Mr. Fahringer added that it would be different if Ms. Stewart had given a public speech and said, “Of course I lied.”

“If she said outright ‘I have no remorse,’ is that something that could be taken into account?” Judge Calabresi asked.

Yes, Mr. Fahringer said, but only if it was “clear.”

Assistant U.S. Attorney Andrew Dember reminded the panel that Judge Koeltl found Ms. Stewart had perjured herself seven times on the witness stand, including when she denied knowledge of a key figure in the terror conspiracy and stated that she thought, as a lawyer, she acted lawfully within a “bubble” in dealing with the sheikh.

As to Ms. Stewart’s statements, Mr. Dember said Judge Koeltl was “very precise” as to each of her statements, and, in the end, “imposed a just and reasonable sentence.”

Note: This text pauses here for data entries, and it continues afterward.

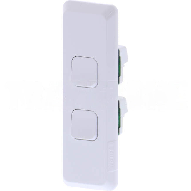 Switch assembly. Pro Series skin, grid and switch mechanism are included. Suitable for 2-gang architrave installations. Assembled with plate. Clipsal Pro Series. Colour: Extra White Rated current: 10AX. Operating voltage 250V a.c. 50Hz Note: Requires installation by an appropriately licenced electrician.
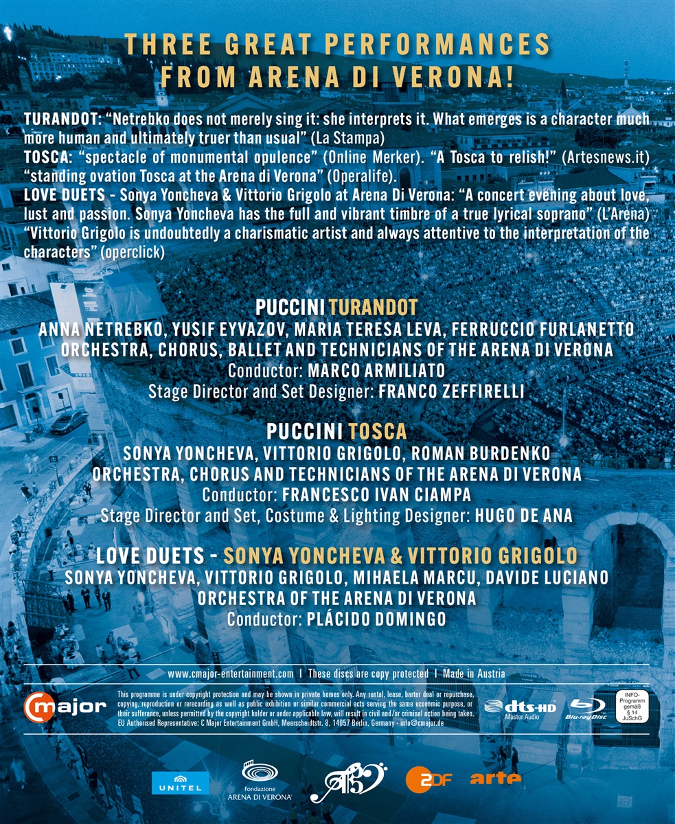Armiliato, Marco / Burdenko, Roman / Ciampa, Francesco Ivan / Coro dell'Arena di Verona / Domingo, Plácido / Eyvazov, Yusif / Furlanetto, Ferruccio / Grigòlo, Vittorio / Netrebko, Anna / Orchestra dell'Arena di Verona / Yoncheva, Sonya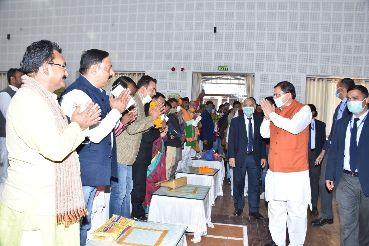 मुख्यमंत्री पुष्कर सिंह धामी द्वारा गन्ना मूल्य बढ़ाये जाने पर मंगलवार को मुख्यमंत्री आवास स्थित मुख्य सेवक सदन में कैबिनेट मंत्री स्वामी यतीश्वरानन्द के नेतृत्व में प्रदेश के किसानों के प्रतिनिधिमण्डल ने मुख्यमंत्री का आभार व्यक्त किया। इस अवसर पर कैबिनेट मंत्री रेखा आर्या भी उपस्थित थी।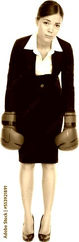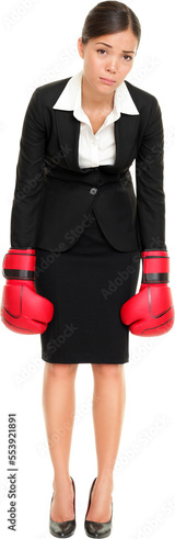 Defeated loser woman - business concept with businesswoman wearing boxing gloves standing and looking hopeless. Young Asian / Caucasian professional isolated cutout PNG on transparent background.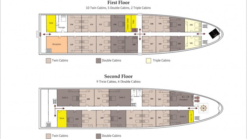 The 2nd deck has 11 remaining Deluxe cabins, 03 Suites (28m2), and 01 President Suite (34m2), all equipped with private balconies.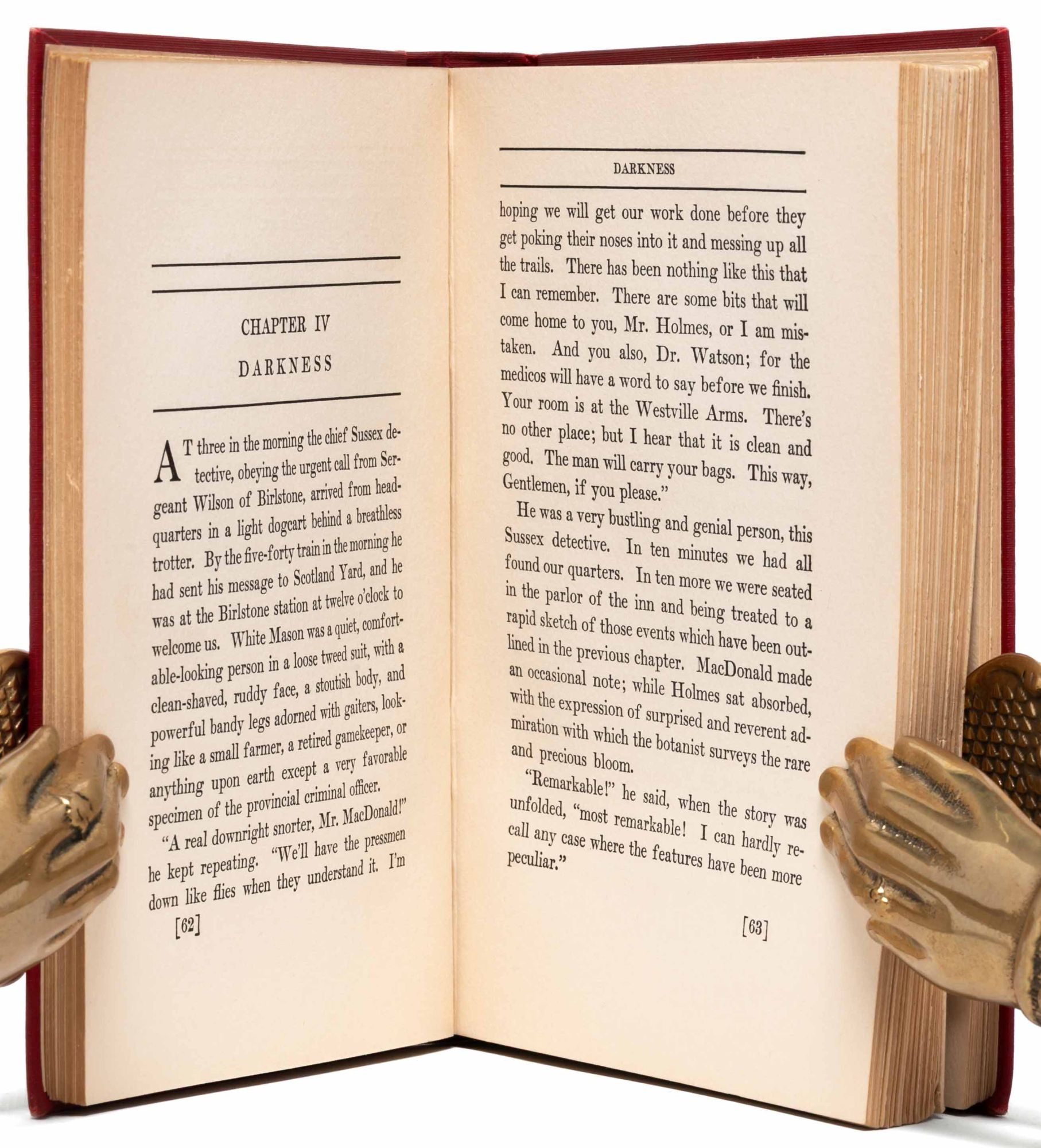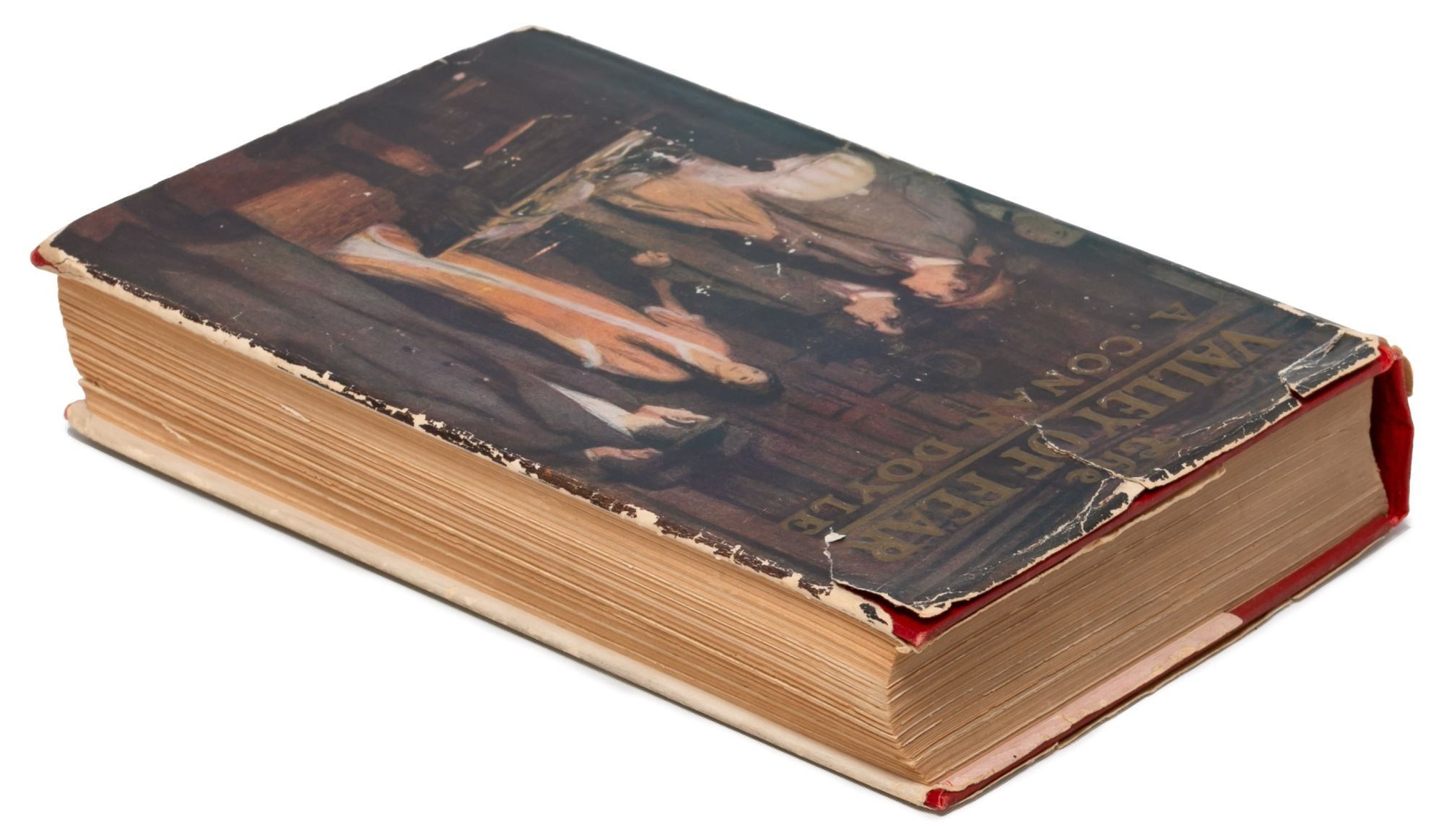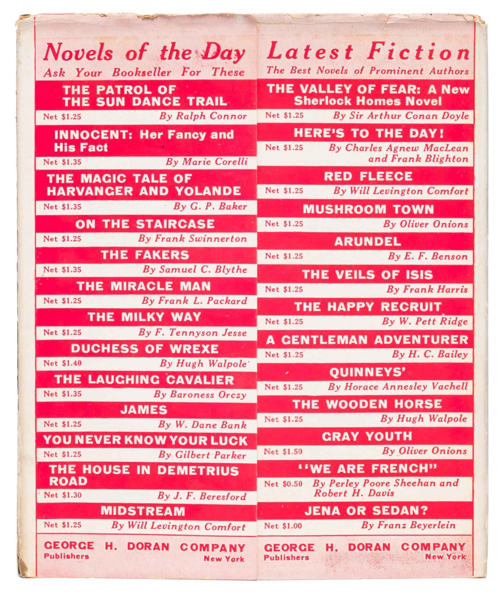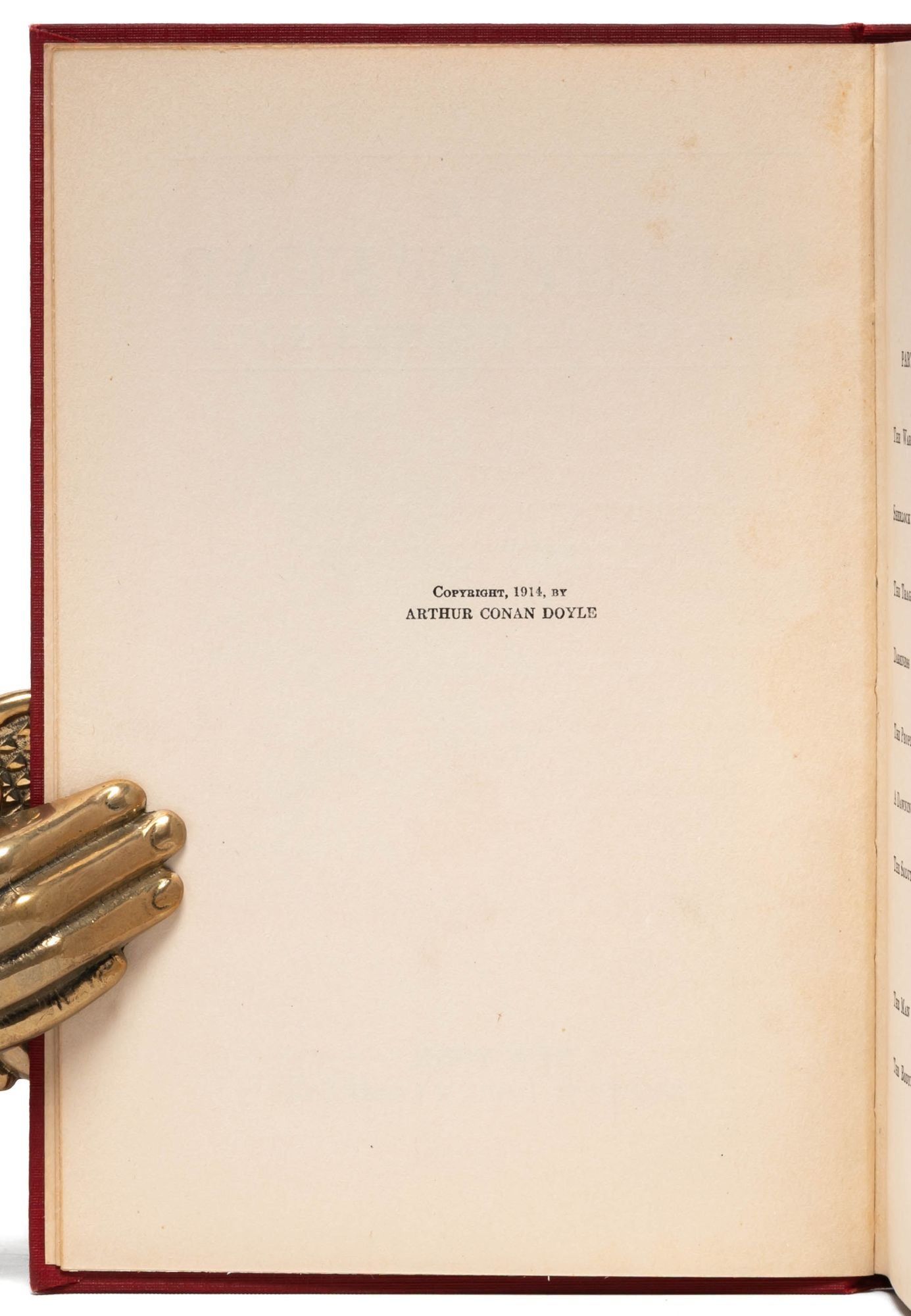New York: George H. Doran, 1914. First edition. Near Fine/Very Good. First printing, of the fourth and final novel in the Sherlock Holmes series (there were also a number of short story collections). It preceded the UK edition by three months. Original red cloth, spine and front cover lettered in gilt. With dust jacket. Frontispiece and 6 plates by Arthur I. Keller. A bright Near Fine copy, with the spine just a bit cocked and an early gift inscription (in pencil) on the front free end paper. Very Good dust jacket unrestored. A few short tears at the top of the front panel, small chips from the spine ends (larger at the heel), rubbing to the folds, but a handsome example overall. Original price of $1.25 in red has faded on the spine, but is still legible.

And when asked about Mr. Fahringer’s argument that the benefit of the doubt goes to the speaker when the speech is ambiguous, Mr. Dember answered that “Judge Koeltl didn’t find any of the statements ambiguous at all.”

Read the brief of the United States.

Mr. Abdel Rahman is serving a life sentence for seditious conspiracy against the United States. Ms. Stewart was his lawyer at trial before then-Judge Michael Mukasey in 1995, when he was convicted along with nine others who planned to blow up New York City landmarks.

Once in prison, the sheikh was subjected to special administrative measures, or SAMS, to prevent him from communicating with Islamic Group, which claimed responsibility for the 1997 massacre of tourists at an archeological site in Luxor, Egypt.

Ms. Stewart promised to abide by the SAMs but was caught breaking that promise at the Federal Medical Center in Rochester, Minn. She signed another affirmation not to pass communications to and from the sheikh, and she broke the vow again.

She was ultimately charged in 2002 along with interpreter Mohammed Yousry and Ahmed Abdel Sattar, an active Islamic Group leader who was the sheikh’s paralegal at his 1995 trial.

She testified that she never believed actual violence would follow a press release she made on behalf of the sheikh announcing his withdrawal of support for an Islamic Group cease-fire on terror attacks.

A marathon trial that began on May 19, 2004, ended on Feb. 10, 2005, with the convictions on all counts of Ms. Stewart, Mr. Sattar and Mr. Yousry. Ms. Stewart was convicted of conspiracy to defraud the United States, two counts of conspiracy to provide and conceal the provision of material support to a terrorist conspiracy and two counts of making false statements in connection with the SAMS.

The convictions were upheld on appeal in 2009, but her sentence divided the Second Circuit. Judge Sack and Judge Calabresi said remand was necessary because, without specific findings on perjury, they could not evaluate whether her sentence was substantively reasonable. They also asked for Judge Koeltl to closely examine her conduct as an attorney and, in an amended opinion in December, raised the possibility that Judge Koeltl erred on the terrorism sentencing enhancement (NYLJ, Dec. 24, 2009).

Judge Walker, in dissent, had no problem finding the 28-month prison term substantively unreasonable, saying “Stewart’s sentence is so out of line with the extreme seriousness of her criminal conduct” and her issuing the press release was “an action that effectively sanctioned renewed terrorist attacks and indiscriminate loss of human life.”

The court took the unusual step of directing that Ms. Stewart begin serving her sentence immediately. But it withheld the mandate while the full circuit grappled with the possibility of rehearing en banc.

The circuit voted in February 2010 against rehearing en banc, but several judges indicated displeasure with the sentence. In one opinion, Judge Jose Cabranes accused the majority on the three-judge panel of “punting” on the case and doing no more than conveying “winks and nods” on how to fix the sentence (NYLJ, Feb. 24, 2010).

At her re-sentencing, Ms. Stewart was contrite and apologized to the court for her post-sentencing comments, saying, “I have learned that no one, but particularly this 70-year-old woman, can do 28 months standing on their head. I was wrong.”

Ms. Stewart, now 72, is serving her sentence at a federal prison hospital in Fort Worth, Texas. She suffers from a number of health issues, and she revealed before sentencing that she had breast cancer.